Jim Moore’s blog: Innovation, Strategy, Public Policy

Bringing my first blog book to a close after 3 1/2 years..

December 9th, 2006 · No Comments

Blog Archive » The Second Superpower Rears its Beautiful Head

With this post I bring to the close my first “blog book. It began with the post referenced above. My first book reflects the somewhat raucous history of three years and seven months in the bloggosphere. With the next post I start a new era in my life and in this blog, devoting myself to the exploration of OPML and new forms of computing made possible by large-scale networks of XML web services. These are inventions that I believe are as revolutionary to the web of today as Hypertext was to the early days of personal computing.

Three years and seven months ago, on March 29, 2003, Dave Winer and I sat at the Berkman Center and fired up my new blog. We were both Fellows, and we shared a very small office on the third floor of the victorian building on the Harvard campus that housed the center.

On April 1, the next day, I made the above post linking to a small paper, a work-in-progress, about how citizens are joining together to become a force in international relations, the governence of the world. In short, how people are working together to shape the future. I focused on (1) informal networks of people who care, (2) the web and interactive media “neurology” which is giving these networks a kind of collective mind and ability to act, and (3) the advance of international institutions and international law, which provides a venue or a forum in which these networks join with sympathetic allies to advance specific causes.

I am commited to digital entrepreneurship in developing nations, as well as to public health and health care initiatives. The bloggosphere, now that I was a part of it, played a rapidly growing and ultimately profound role in everything I was doing.

In 2003 I joined Howard Dean’s campaign for president.

I also continued to worked on human rights action on the web.

In Spring of 2004 I helped start a web-based campaign–still unsuccessful but still alive and growing–to stop the genocide in Darfur.

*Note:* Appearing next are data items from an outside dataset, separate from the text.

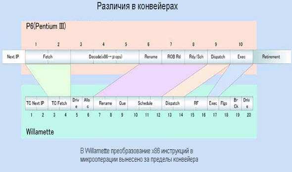 Во вторых, в действие вступает алгоритм предсказания переходов — чем длиннее конвейер, тем более важным становится предсказание того, выполнение какой инструкции понадобится, задолго до самого процесса ее выполнения. И, естественно, ошибка на этой стадии — выбор не той ветви, по которой пойдет процесс выполнения программы, будет весьма и весьма сказываться на производительности процессора. И она будет тем более критична, чем длиннее конвейер — одна ошибка в выборе исполняемых операций в самом начале, и пока досчитается весь конвейер, и выяснится, что считалось совсем не то… Intel пообещал в Willamette значительно повысить точность процесса предсказания переходов, "скомбинировав все доступные на сегодня схемы предсказаний". По некоторым сведениям, эффективность этого алгоритма в Willamette достигла 95 процентов.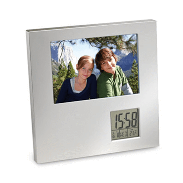 Cadre photo avec horloge REFLECTS ACCRINGTON-plastique, argenté, Mode 12/24 heures, piles incluses, CE, Date, Thermomètre, Minuterie/Compte à rebours, Horloge, Fonction réveil et alarme répétitive, Indication jour, emballage REFLECTS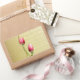 Noble gold parchment with "Happy Easter" Typography and 2 pink tulips.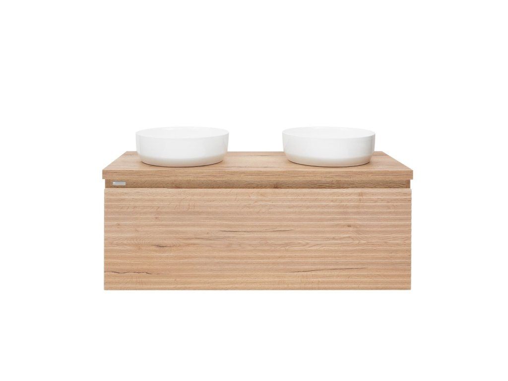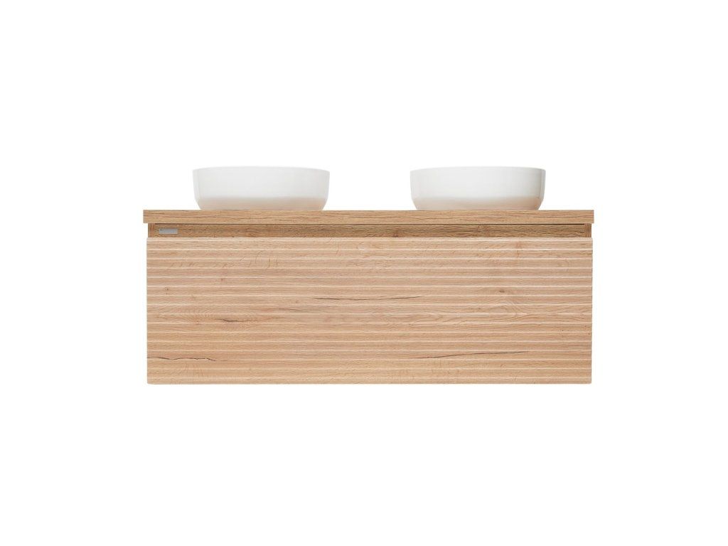 Závěsná koupelnová skříňka pod umyvadlo v dekoru dub halifax s matným povrchem o rozměru 118x43x44,8 cm. Povrch v provedení lamino.Doplňkové parametry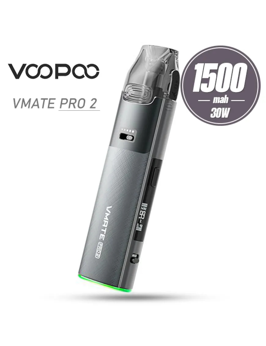 Voopoo VMATE Pro 2 Pod Kit 1500mAh - очередное пополнением линейки VMATE от компании Voopoo. Внешний вид навряд ли удивит поклонников бренда – тот же приплюснутый стик средних габаритов, корпус которого выполнен из цинкового сплава и украшен логотипом, узорами и разной обработкой этого самого металла, а также на нижнем торце вокруг порта зарядки появился обод с индикацией. На одной из боковых граней всё также расположен дисплей и кнопка управления, однако под дисплеем появился еще один элемент – рычажок переключения режимов парения – ECO и POWER. Экран по умолчанию отображает сопротивление, мощность, количество затяжек, заряд аккумулятора. При однократном нажатии кнопки управления меняется информация на экране. Рычажок переключения режимов работает приятно и сопровождается индикацией расположенной по кругу у основания девайса. В режиме POWER пользователь самостоятельно выставляет мощность работы девайса, а в режиме ECO, по заявлению производителя, устройство интеллектуально распознает привычки пользователей в парении и динамически регулирует мощность. Это гарантирует отсутствие компромиссов по вкусу, при этом действительно достигая энергоэффективности – экономя батарею, так и жидкость, эффективно сокращая расходы. Питание Voopoo VMATE Pro 2 обеспечивается встроенным аккумулятором, емкостью 1500 мАч, зарядка аккумулятора производится при помощи разъема USB Type-C, расположенного на нижнем торце устройства, током 2А. На лицевой стороне расположен аккуратный ползунок регулировки тугости затяжки. Ползунок двигается плавно, но с небольшим усилием. Активация устройства достигается исключительно по затяжке. Картриджная система уже знакома – это расходники на встроенных испарителях VMATE Top Fill Cartridge с быстрой боковой заправкой, хорошей вместительностью, продолжительным сроком службы, а также усовершенствованной системой защиты от протечек. Устройство комплектуется двумя картриджами со встроенными испарителями на сетке, сопротивлением 0.4 и 0.7 Ом.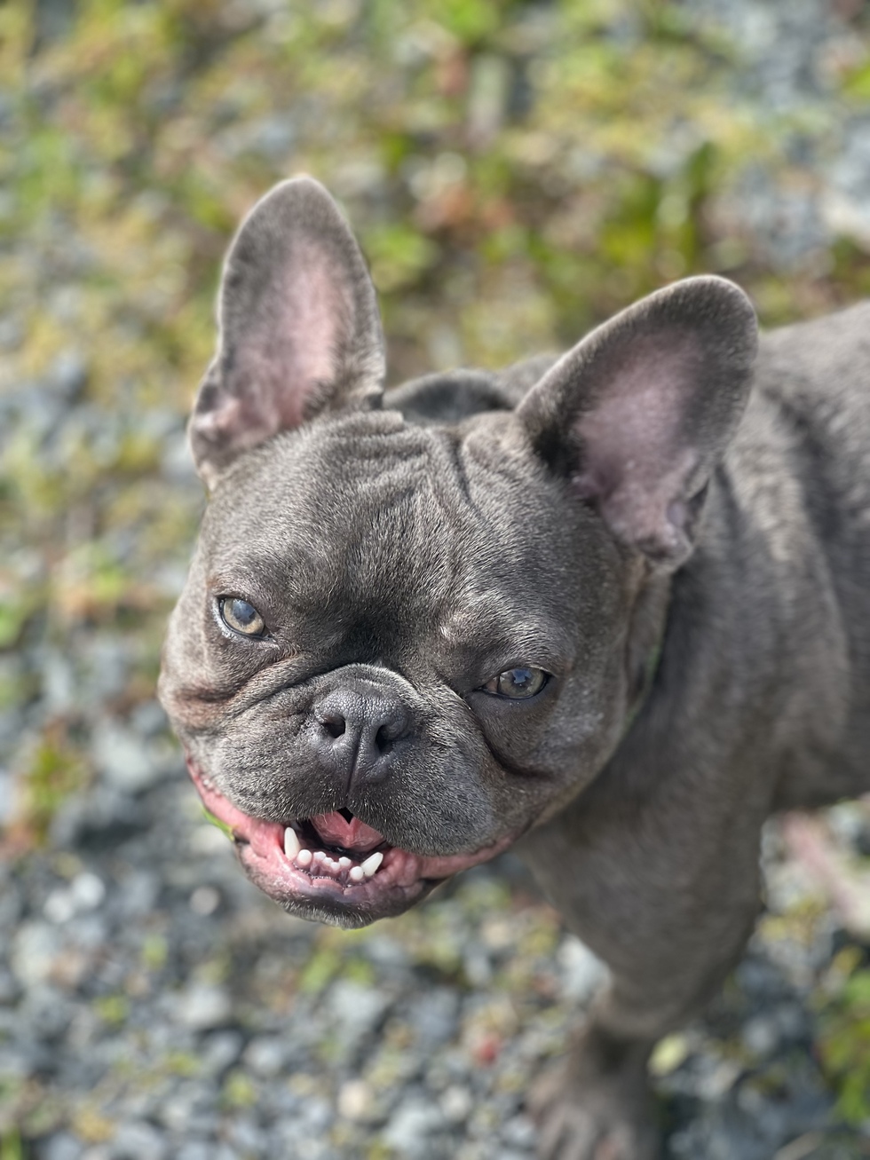 This is Weston, aka West. He is a blue fawn. Rescued by SCFBR and adopted and living his best life in Alaska. This high charged, wrestle mania, crazy man, immediately sparked new life in his new home with his magnetic and charming energy. He loves his toys especially his soccer ball, and has taught the other frenchies how to play fetch. West and his sister Smith still love to wrestle and if he can get everyone to chase him through the backyard then he is one blissed out pup.

That campaign was inspired during a session hosted by Joi Ito and Ethan Zuckerman at the first Blogger.con, in response to a challenge by Brit Blaser that each of us take a nation and help get the bloggosphere focused outside of itself.

Through these experiences and more, I was provided some priceless opportunities to join with other creative folks and experiment with social and technical innovation on a large scale, with a fast pace, and with a relentless dedication to pushing the social and the technical orders to their limits.

I continue to be involved in social and cultural change projects. Like many others, I see the latest US election as a positive result of the continuing creativity and effectiveness of progressive socio-technical visionaries and organizers.

However, my main work these days is inventing technology. This is technology for activists, technology for the mind of the second superpower. But it is technology per se. My days are spent designing plumbing and plumbing fixtures (metaphorically speaking) for the web.

Thus I want a blog where I can consider technology visions and challenges and develop a conversation with people who share this interest. This address seems a good place to start it. Guy Kawasaki says that the first rule of blogging is to envision what you are doing as “writing a book.” So this will be my new book!

I hope those of you who are current subscribers stay with me, as I have truly enjoyed our journey together. Even if you do not consider yourself a technologist, please stay if you find yourself at all interested!

I plan to start another blog to focus on human rights, health care, and other primarily social topics, so some of you may want to join me there. I will let you know that address in the next few days.

Thanks, all! Thanks so much for the memories, for the support, and for the criticism. It was all good.